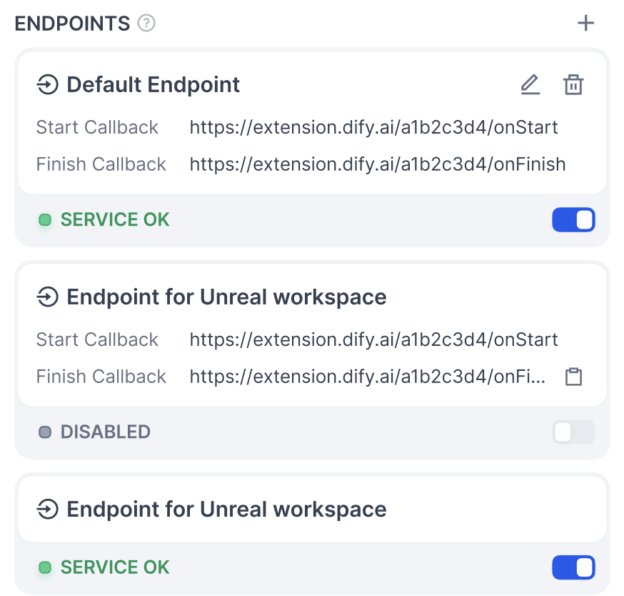 - Endpoints can be used to handle Webhook callbacks or provide interfaces for other systems to connect.
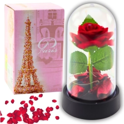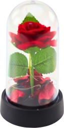 La cúpula transparente protege la rosa del polvo y a la vez la exhibe de forma llamativa desde todos los ángulos. La base de plástico estable garantiza una colocación segura. La alimentación por pilas permite un manejo fácil sin cables, para que puedas colocar la decoración donde quieras.
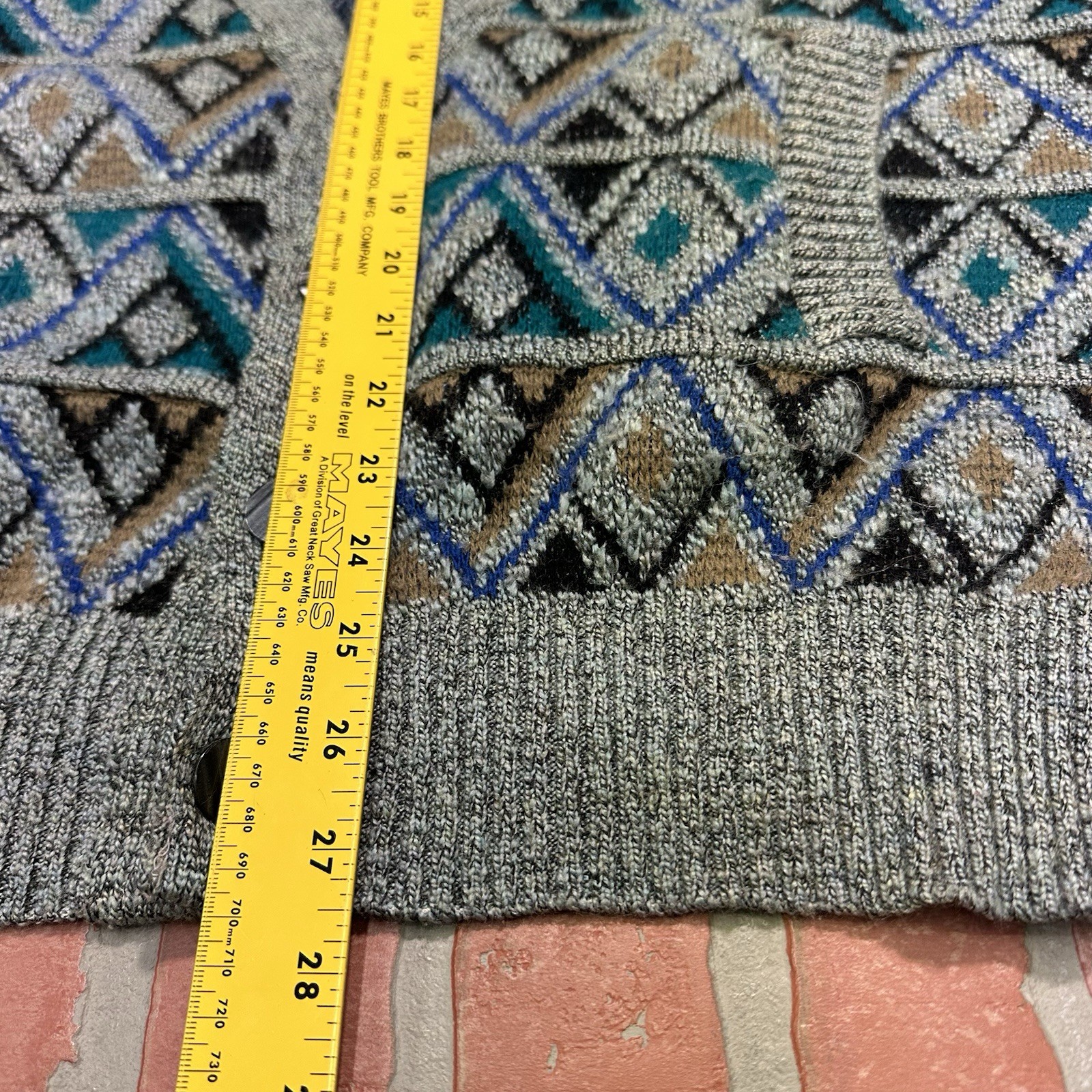 как выглядит VTG LONDON FOG ACRYLIC CARDIGAN KNIT SWEATER GEO GRAY SZ L USA MADE BLUE фото
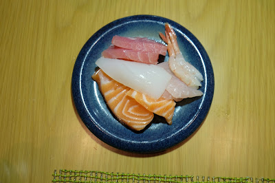 有三文魚、鱲魚、吞拿魚、八爪魚及甜蝦,解凍的處理都相當好,令肉質可以保持彈性,而壽司雖然是即製的,但還要留肚,只好放棄。
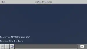- In Bedrock Edition, when a player joins a world or travels between dimensions, the "Open Chat Message" is shown exclusively to that player, which shows the keys to open the chat and to open the emote GUI. The message can be toggled in the accessibility settings and is not shown when using touch controls.
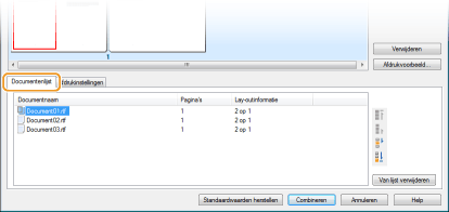 Selecteer in de lijst [Documentnaam] de documenten die u wilt combineren en klik op
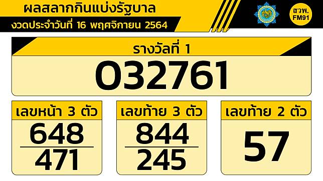 ตรวจหวย งวดวนท 16 พฤศจกายน 2564 ลาสด โดยการออกสลากกนแบงรฐบาล ออกเวลา 1430 น. เลขทาย 3 ตว 978 723. วนศกรท 19 พฤศจกายน 2564 วนลอยกระทง.
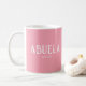 Abuela Kaffee Tasse Design mit einem Jahr etabliert mit einem weißen Stempel Schriftart Set auf einem rosa Hintergrund. Klicken Sie auf anpassen, um die Hintergrundfarbe zu bearbeiten!. Besuchen Sie unseren Shop, um diese Tasse in einer großen Auswahl von Großvaternamen zu sehen.
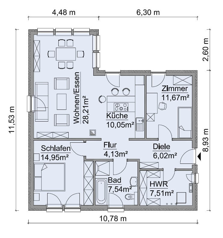 แบบบ้านโมเดิร์นชั้นเดียวหลังคาปั้นหยา ผลงานการออกแบบของบริษัทรับสร้างบ้านจากประเทศเยอรมนี ScanHaus Marlow บ้านชั้นเดียวเส้นสายรูปทรงเรียบง่าย แต่เปี่ยมไปด้วยเสน่ห์เฉพาะตัว พร้อมฟังก์ชันภายในที่ครบครันทันสมัย บนพื้นที่ใช้สอยเพียง 90 ตารางเมตร
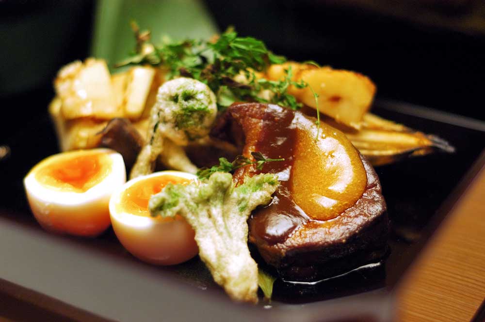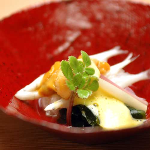 われらの魂さらっていった珠玉の一皿「朝掘り筍の土佐醍醐焼きと フレッシュフォアグラの八丁あんぽだれ 烏骨鶏のレア玉子をそえて」。濃厚なフォア グラは八丁味噌のあんぽだれと出会い、今まで食べたことのない禁断なときめきをもたらす。焼きを入れられた筍は、風味が閉じ込められてある。思わずもれる ため息。「これてよかったぁ?」と泣き声の連れは、次の瞬間には「こりゃ、ビール進む」と手酌酒。
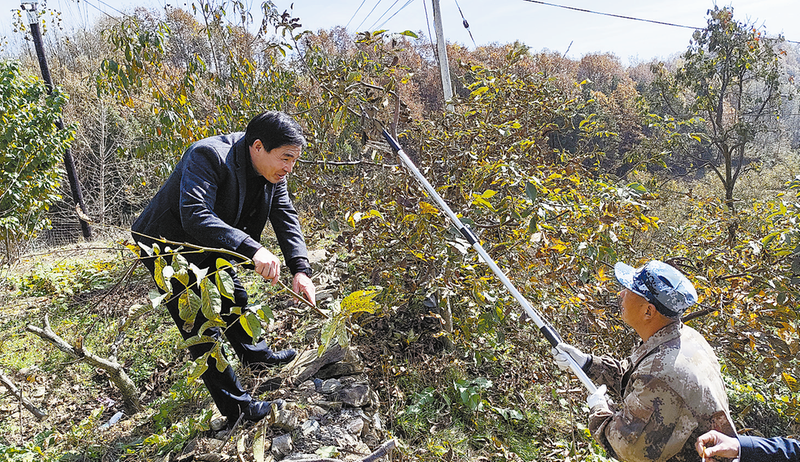 近日,李德俊(左)與山西核桃科管師傅在種植基地交流秋冬季核桃修剪技術(shù)。
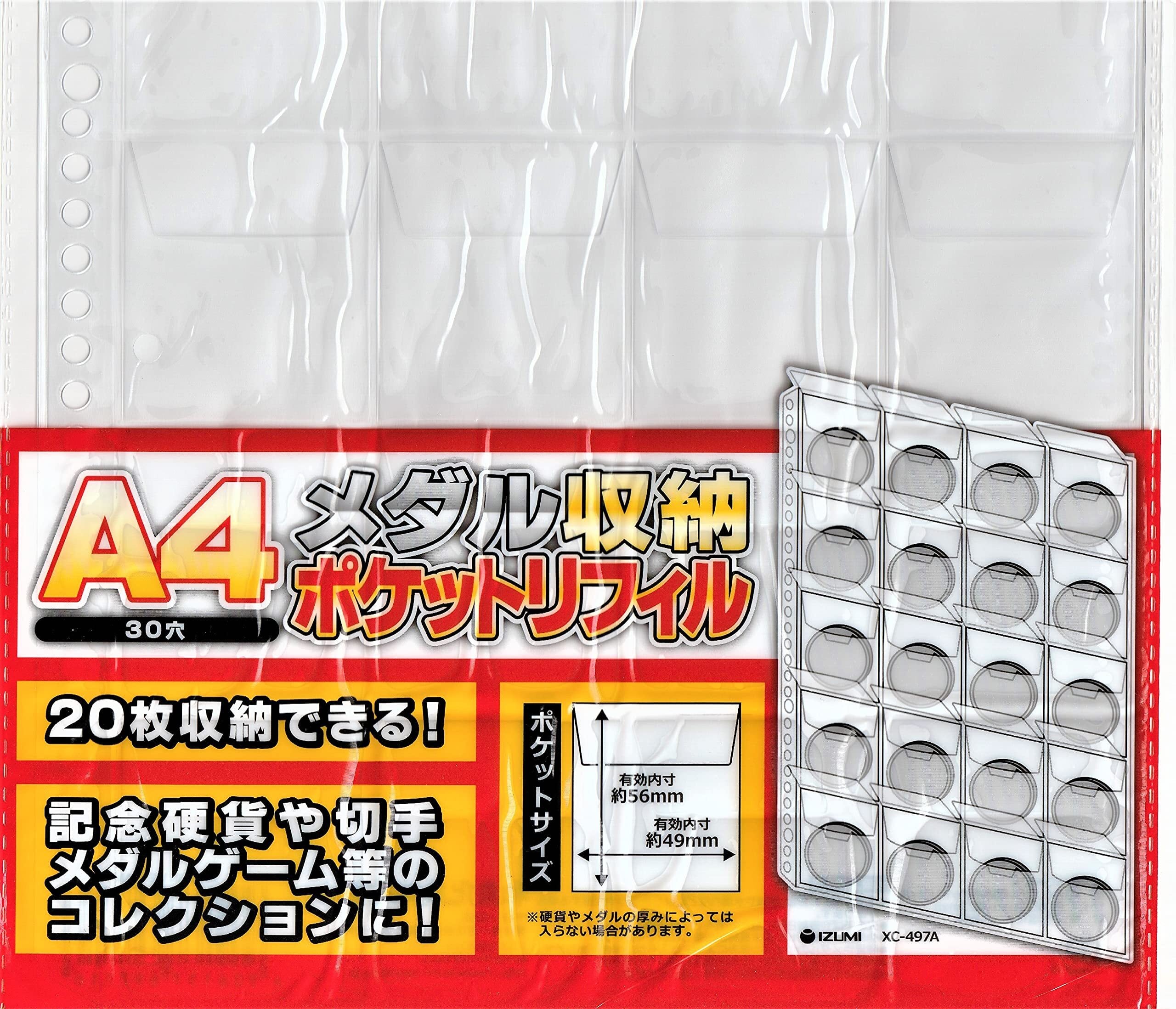 メダル収納 メダルケース A4 ポケットリフィル 20枚収納できる 記念硬貨や切手 メダルゲーム等のコレクションに
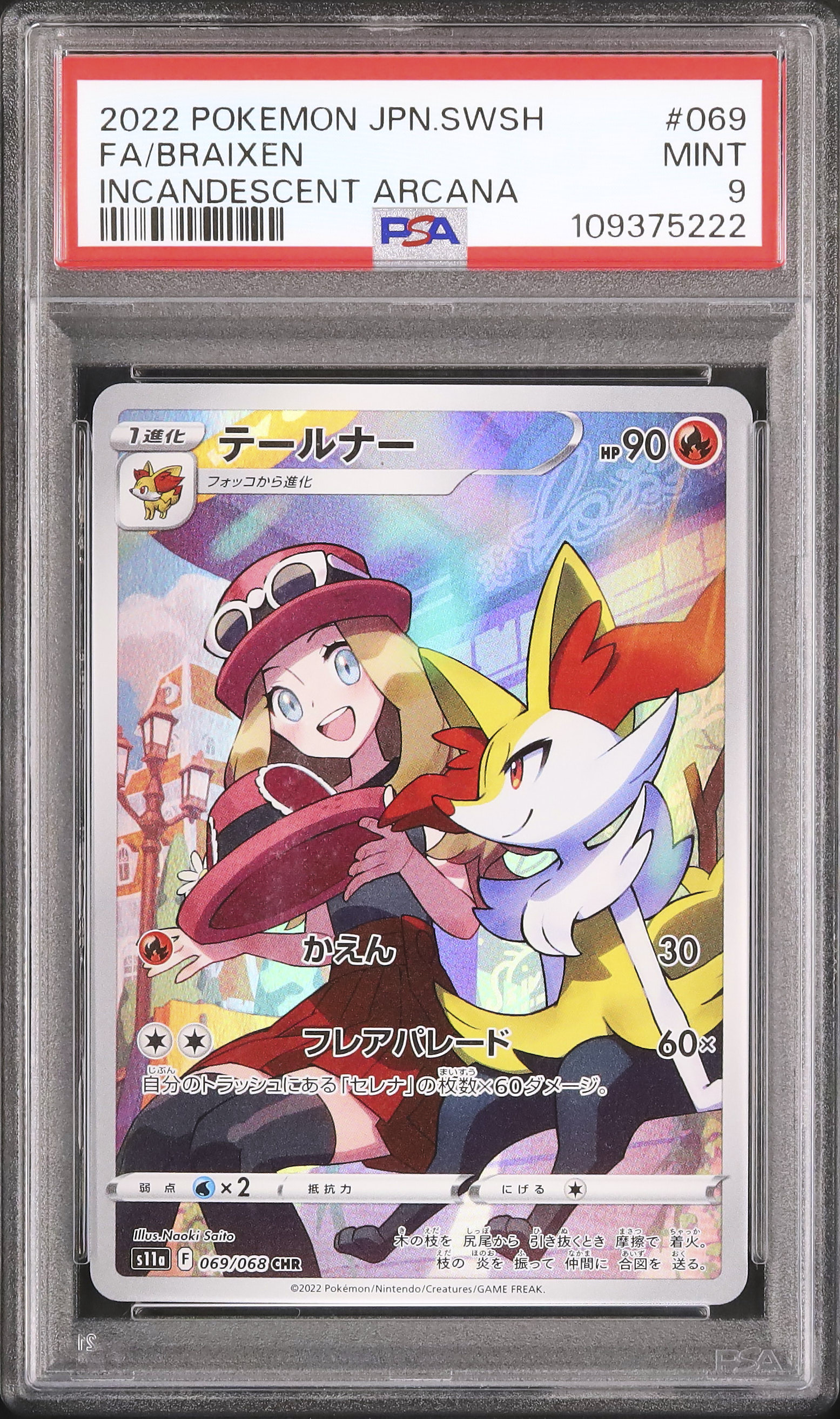 2022 Pokemon Japanese Braixen CHR Full Art Incandescent Arcana S11a #069 PSA 9
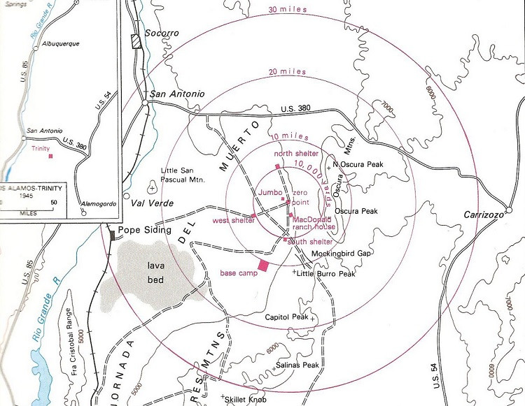 Địa điểm diễn ra cuộc thử nghiệm Trinity nằm cách thành phố Los Alamos thuộc bang New Mexico khoảng 337km về phía nam. Người dân sinh sống ở khu vực này bị kiểm soát và hạn chế nghiêm ngặt về thông tin họ có thể tiết lộ về Trinity.
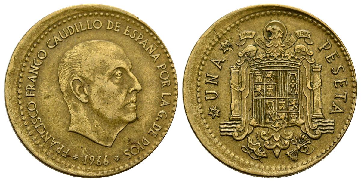 SPANISH STATE. 1 peseta. (AlCu. 3.53g/21mm). 1966 *19-68. Madrid. (Cal-69). Variant: offset coinage and round edge. Good Very Fine.
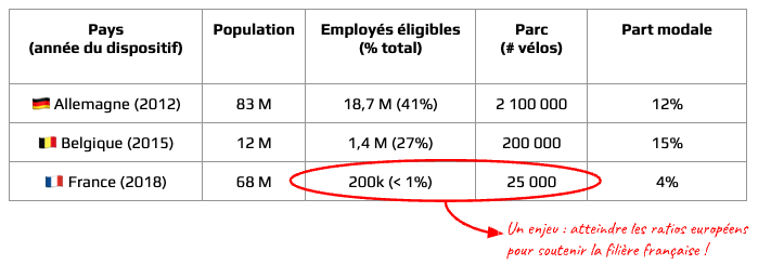L’Allemagne a mis en place son système de leasing vélo en 2012 et compte aujourd’hui plus de 2,1 millions de vélos en leasing, avec 41% des employés éligibles. La Belgique a commencé en 2015 et a déjà un parc de 200 000 vélos en leasing, alors que la France n’en compte début 2026 qu’environ 25000.
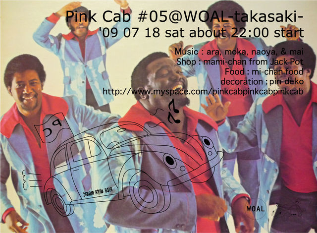 深夜 Music Taxi ”Pink Cab” <<about Pink Cab>> 2009年3月に生まれたMusic Taxi・Pink Cabです!いい音楽を聴きながら、踊って、お酒とか飲んで楽しくドライブ中。 Body Music〜Head Musicまで刺激的な音楽で、光の届かない深海から何万光年も離れた宇宙の果て、0から100までどこでもお連れしましょう。 Pink Cab号はみなさんのグッドバイブレーションで走ります!運行は月に一度、第3土曜日深夜にのみ。ご乗車お待ちしております。 Ride With Music! 2009 07 18 (Sat) Pink

Requirement:
Up to and including the line containing "- In Bedrock", quote each line of the entries above from the very first, please, exactly and without images.

Your response:
 - Endpoints can be used to handle Webhook callbacks or provide interfaces for other systems to connect.
 La cúpula transparente protege la rosa del polvo y a la vez la exhibe de forma llamativa desde todos los ángulos. La base de plástico estable garantiza una colocación segura. La alimentación por pilas permite un manejo fácil sin cables, para que puedas colocar la decoración donde quieras.
 как выглядит VTG LONDON FOG ACRYLIC CARDIGAN KNIT SWEATER GEO GRAY SZ L USA MADE BLUE фото
 有三文魚、鱲魚、吞拿魚、八爪魚及甜蝦,解凍的處理都相當好,令肉質可以保持彈性,而壽司雖然是即製的,但還要留肚,只好放棄。
- In Bedrock Edition, when a player joins a world or travels between dimensions, the "Open Chat Message" is shown exclusively to that player, which shows the keys to open the chat and to open the emote GUI. The message can be toggled in the accessibility settings and is not shown when using touch controls.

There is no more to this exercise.